▸ YOUR ASSIGNMENT:
Using the records below, output the stretch that opens with the line containing "W książce znalazło" and closes with the line containing "Înconjoară-te cu stil", exactly and including both lines, with nothing more.

▸ RECORD SET:
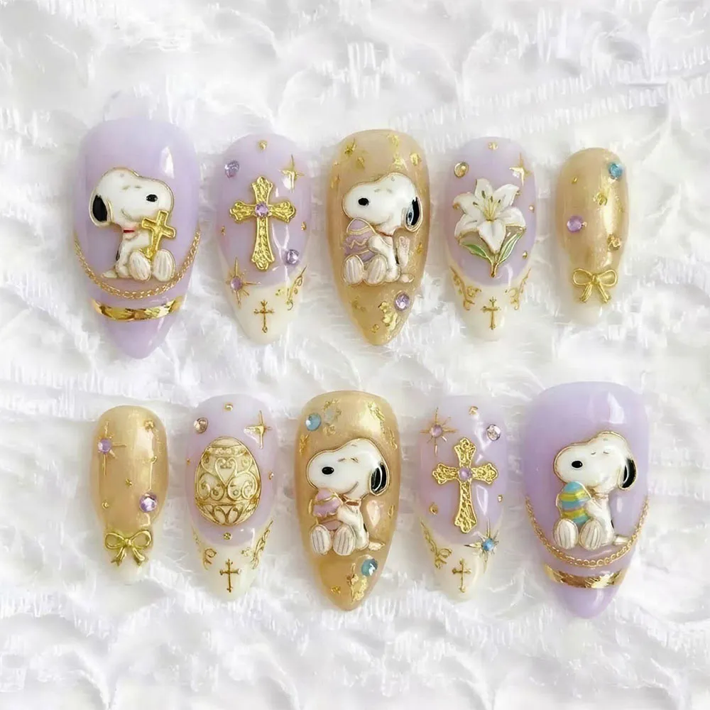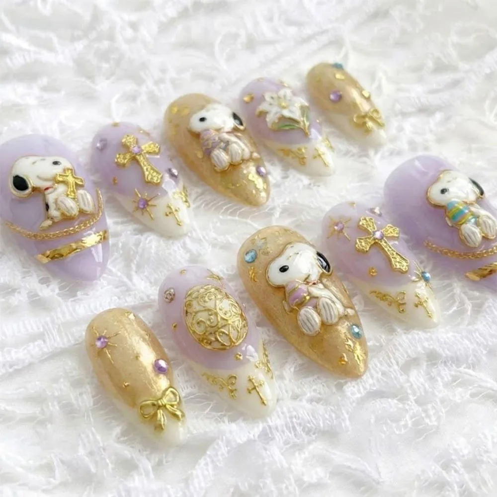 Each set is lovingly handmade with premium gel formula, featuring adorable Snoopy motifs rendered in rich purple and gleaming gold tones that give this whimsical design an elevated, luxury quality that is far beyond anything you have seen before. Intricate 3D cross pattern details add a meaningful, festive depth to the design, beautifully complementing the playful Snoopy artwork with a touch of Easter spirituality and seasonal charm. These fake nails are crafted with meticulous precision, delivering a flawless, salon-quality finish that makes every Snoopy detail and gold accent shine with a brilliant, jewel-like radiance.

==

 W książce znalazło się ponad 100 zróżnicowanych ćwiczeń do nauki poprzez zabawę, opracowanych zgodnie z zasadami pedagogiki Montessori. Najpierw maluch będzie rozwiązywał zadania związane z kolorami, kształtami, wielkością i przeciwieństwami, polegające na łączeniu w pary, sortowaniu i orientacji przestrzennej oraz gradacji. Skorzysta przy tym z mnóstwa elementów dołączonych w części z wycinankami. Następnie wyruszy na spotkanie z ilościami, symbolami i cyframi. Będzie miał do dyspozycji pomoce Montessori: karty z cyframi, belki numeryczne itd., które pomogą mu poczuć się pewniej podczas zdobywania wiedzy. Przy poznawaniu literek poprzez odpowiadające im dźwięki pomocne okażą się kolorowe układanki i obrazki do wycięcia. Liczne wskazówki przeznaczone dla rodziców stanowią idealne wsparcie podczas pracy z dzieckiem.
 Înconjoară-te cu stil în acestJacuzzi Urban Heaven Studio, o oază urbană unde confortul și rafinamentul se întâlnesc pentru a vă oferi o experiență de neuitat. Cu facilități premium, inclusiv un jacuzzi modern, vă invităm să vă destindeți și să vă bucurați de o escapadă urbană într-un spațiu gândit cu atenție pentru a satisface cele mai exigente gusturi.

▸ EXERCISE OUTPUT:
 W książce znalazło się ponad 100 zróżnicowanych ćwiczeń do nauki poprzez zabawę, opracowanych zgodnie z zasadami pedagogiki Montessori. Najpierw maluch będzie rozwiązywał zadania związane z kolorami, kształtami, wielkością i przeciwieństwami, polegające na łączeniu w pary, sortowaniu i orientacji przestrzennej oraz gradacji. Skorzysta przy tym z mnóstwa elementów dołączonych w części z wycinankami. Następnie wyruszy na spotkanie z ilościami, symbolami i cyframi. Będzie miał do dyspozycji pomoce Montessori: karty z cyframi, belki numeryczne itd., które pomogą mu poczuć się pewniej podczas zdobywania wiedzy. Przy poznawaniu literek poprzez odpowiadające im dźwięki pomocne okażą się kolorowe układanki i obrazki do wycięcia. Liczne wskazówki przeznaczone dla rodziców stanowią idealne wsparcie podczas pracy z dzieckiem.
 Înconjoară-te cu stil în acestJacuzzi Urban Heaven Studio, o oază urbană unde confortul și rafinamentul se întâlnesc pentru a vă oferi o experiență de neuitat. Cu facilități premium, inclusiv un jacuzzi modern, vă invităm să vă destindeți și să vă bucurați de o escapadă urbană într-un spațiu gândit cu atenție pentru a satisface cele mai exigente gusturi.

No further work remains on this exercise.